There’s a saying in recruitment: great job adverts attract great talent.

Writing an advert for your apprenticeship vacancies can be a time-consuming process, so it’s important that you get it right first-time and attract the right kinds of people straight away.

There’s a lot of competition for talent out there, so here are our top 3 tips for constructing the perfect job listing.

Keep it simple

The first thing you need to do is to keep your job advert as short and concise as possible.

There’s a lot to say when it comes to explaining a particular role, but it’s imperative that you find a way to simplify down your advert to its most core principles.

You should mention the skills required for the job, the salary and benefits, and where you can apply. Any other information should be carefully considered for it’s overall value to the advertisement.

If it’s not adding significant value, cut it out. (Or link out to further information on your career page or hub).

The rule of three

A good way to keep your adverts short and simple (and obey rule 1), is to use something called the ‘rule of three’.

This means condensing the entire job role down to 3 key qualities and focussing on these skills or attributes.

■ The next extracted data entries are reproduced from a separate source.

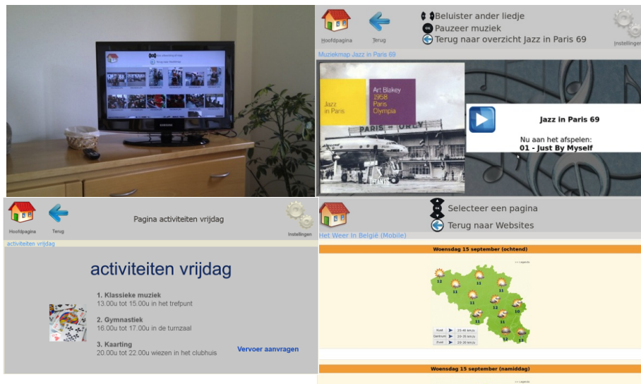
Fig. 4. Screenshots services
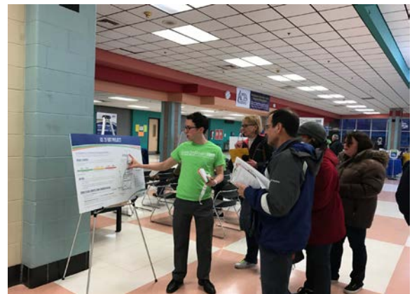
Figure 1: Project Team Member explains the US 29 Corridor to community members at an open house on March 13, 2017

The overarching goal of the US 29 Bus Rapid Transit (BRT) outreach effort is to educate the public on the project objectives and engage with stakeholders to collect meaningful feedback which can be incorporated into the project design. Within the outreach strategy, the project team will use a wide variety of public engagement tactics to reach diverse audiences within the US 29 service corridor. The outreach efforts build on the "Get on Board BRT" outreach program launched by Montgomery County in fall 2016, with the goal of establishing deeper knowledge of the US 29 BRT project by creating project-specific information and materials. Expanded community programming will integrate the public into the project's outreach process.
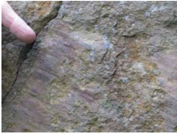
THE SMOOTHER SURFACE HERE SHOWS THE
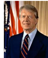
President Jimmy Carter

Jimmy Carter defeated Gerald Ford in the presidential election, taking office in January 1981.
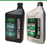
15.5823 Udor Lube Premium Pump Oil
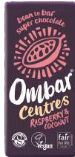
Centres Raspberry & Coconut 10 x 70g 50-60102-66219-8

Not only is this a great exercise for keeping job advert short, but it also helps you to better visualise your ideal candidates and the must-have skills they possess.

At apprentice level, any role should be applicable to the rule of three, so think about your needs for each position and start applying some priorities.

Neutral Language

Using neutral language is incredibly important in job advertisements.

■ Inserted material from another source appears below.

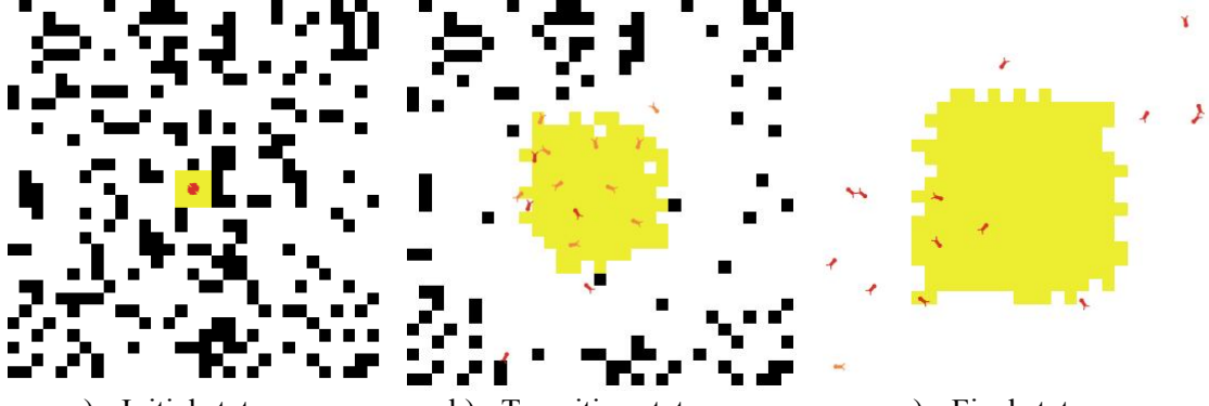
a) Initial state b) Transition state c) Final state Figure 2: different phases for model simulation in NetLogo Black : to be moved, yellow: already moved.

the space. Agents did not dispatch yet. Figure 2b shows a transition state where agents still collect file fragments onto contagious space.
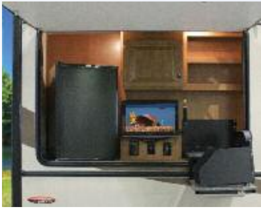
The Blue Ridge 3710BH's exterior kitchen feature with a two-burner LP stove, flat-screen LCD TV and refrigerator enhances any outdoor cooking experience.

Studies have shown that the type of language that is used in job adverts will have an adverse effect on the types of people who will apply for a particular role.

You must think very carefully about the traits and stereotypes you are conveying in the way you write, as they are usually a product of unconscious bias. That means we don’t even know we are doing them!

To quote Harvard Universities Gender Action Portal:

words such as competitive, dominant or leader are associated with male stereotypes, while words such as support, understand and interpersonal are associated with female stereotypes. Including gendered words in job advertisements could make the position seem less appealing to a certain gender, thereby limiting the applicant pool for these jobs.’

Bonus tip

OK. We know we said three tips, but this one is a bonus.

Be as open, honest and transparent as you possibly can in your job adverts. It will save you a lot of time in the entire recruitment process.

This rule applies from apprentices to executives and everywhere in between. People appreciate authenticity, and a simple thing like sharing the salary, can help you stand out as a progressive and fair employer from the get-go.